Pendant l’Occupation, un vieil homme et sa nièce doivent héberger à leur domicile un officier allemand. Ils ne peuvent faire barrage à cette décision qu’ils rejettent de toute leur âme. Mais ils manifestent leur réprobation en opposant à leur hôte pourtant exquis un silence obstiné.
Le Silence de la mer est un court roman publié en 1942 par Vercors – de son vrai nom Jean Bruller – dans la clandestinité aux Editions de Minuit qu’il venait de fonder. Son sujet est connu, profondément anti-cinématographique : un officier allemand échoue à faire sortir de leur silence les deux Français qui l’accueillent contraints et forcés chez eux pendant l’Occupation.
Le jeune Jean-Pierre Melville, qui a combattu dans les Forces françaises libres, décide de l’adapter. Il n’a pas d’argent, pas de carte professionnelle ; les droits ont été achetés par Louis Jouvet. Mais qu’importe ! Melville s’entête, obtient l’accord oral de Vercors – qui lui prêtera sa maison pour y tourner son film – récupère des pellicules au marché noir.
Le film de Melville est très fidèle au livre. Il a, comme lui, la même solennité qui, aujourd’hui, nous apparaîtra un peu sentencieuse. L’Allemand n’est pas une brute ; c’est au contraire un esthète qui parle un français parfait, s’enthousiasme pour la culture française, troque son uniforme pour un élégant complet croisé pour gommer la distance qui le sépare de ses hôtes. L’oncle peine à cacher l’estime grandissante qu’il lui porte ; la nièce a encore plus de mal à taire son attirance.

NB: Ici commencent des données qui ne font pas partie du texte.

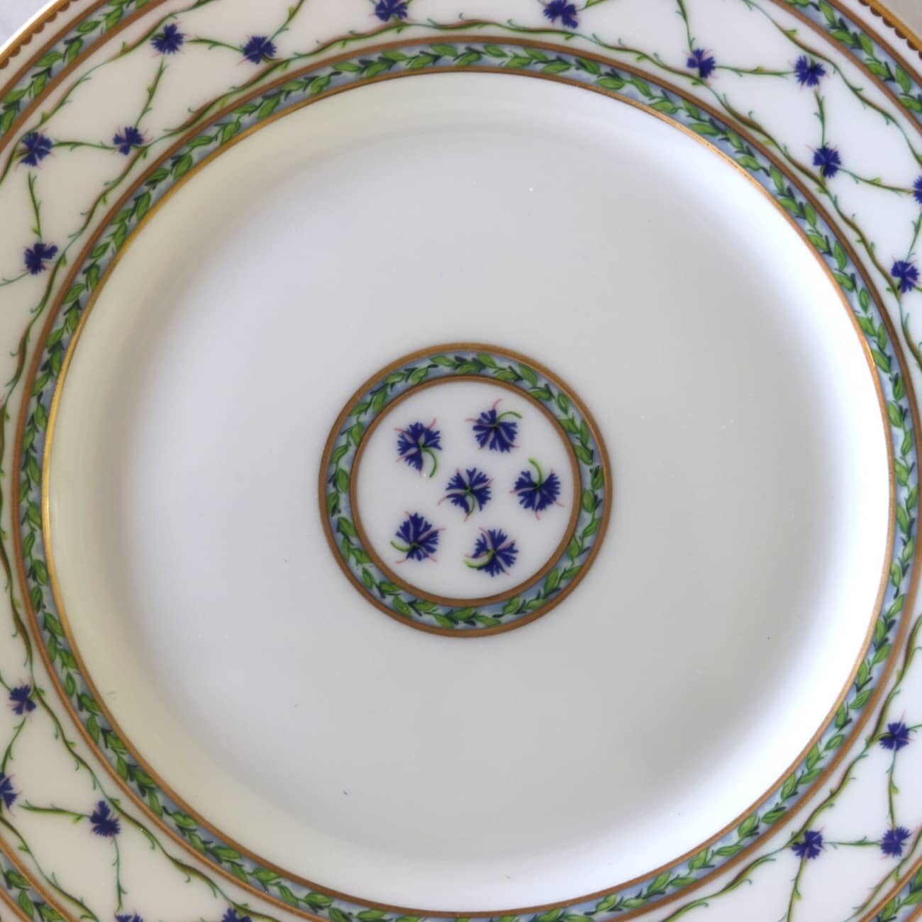 Chaque pièce est rehaussée de filets d’or finement appliqués à la main, qui viennent sertir le décor avec une noblesse discrète. Le centre, ponctué d’un médaillon à semi de barbeaux, apporte équilibre et délicatesse à l’ensemble, selon un schéma décoratif cher aux arts de la table royaux.

Le Silence de la mer s’autorise quelques échappées belles hors du salon où les trois protagonistes se retrouvent chaque soir : à Paris notamment où dans deux scènes trop explicatives, Werner von Ebrennac comprendra que la collaboration est un leurre. Mais l’essentiel se joue entre ces quatre murs, dans le monologue trop lyrique du jeune homme, qui croit envers et contre tout dans la possibilité d’une Europe allemande, et dans le silence têtu qui l’accueille.